* * *
— Не может быть, чтобы вы не вспомнили хоть что-нибудь, пусть самое незначительное, в связи с этой побирушкой, которую вы встретили вечером 19 декабря после того, как ушли от Рубирозы, — настойчиво повторял старой гувернантке комиссар Ришоттани, снова вызвав ее в полицейское управление. — Любой самый мелкий пустяк, который может казаться вам не имеющим никакого значения, для нас может стать настоящим откровением, вывести нас на верный путь. Попытайтесь вспомнить. Ведь вы же не хотите, чтобы убийца или убийцы так легко отделались и избежали справедливого возмездия?
Маленькая и худенькая Мария неловко чувствовала себя в присутствии огромного комиссара, никак не могла сосредоточиться и все время думала о бедном Чезаре, которого она воспитала как сына, и чувствовала, как комок подкатывает к горлу. Слезы вот-вот были готовы брызнуть из глаз.
— Подумайте, Мария, — убеждал ее комиссар. — Посидите здесь, я вернусь через десять минут, вы посидите, может, что-нибудь и припомните.

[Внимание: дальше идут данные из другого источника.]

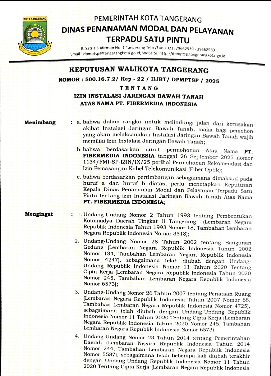 Hal ini merujuk pada Keputusan Walikota Tangerang Nomor 500.16.7.2/Kep-22/IIJBT/DPMPTSP/2025 tentang Izin Instalasi Jaringan Bawah Tanah yang ditetapkan pada 14 Oktober 2025.

За эти десять минут бедная Мария припомнила все свои двадцать лет службы у Рубирозы, и невольные слезы вдруг закапали из глаз. Она плакала молча, без всхлипов: слишком глубоким, глухим и тягостным было это горе, чтобы голос его прорвался наружу. Она почувствовала себя сиротой, без семьи и без работы. И бедный Чезаре, голос которого наполнял жизнью слишком большой дом, уже больше не сможет оживить и облегчить ее неблагодарный домашний труд. Все казалось таким нелепым. Сначала похитили бедного Диего, папашу Чезаре; его труп нашли в одном отвале. А теперь вот всю семью извели. Но, Боже, что должна была она вспомнить об этой бродяжке? Кроме платка на голове и чирьев на ногах, да того, что та была пьяна, ничего необычного она не заметила, и на первый взгляд та показалась ей обычной побирушкой. Да, чирьи. Об этом она комиссару не говорила, Хотя, какой прок от того, что она об этом скажет комиссару?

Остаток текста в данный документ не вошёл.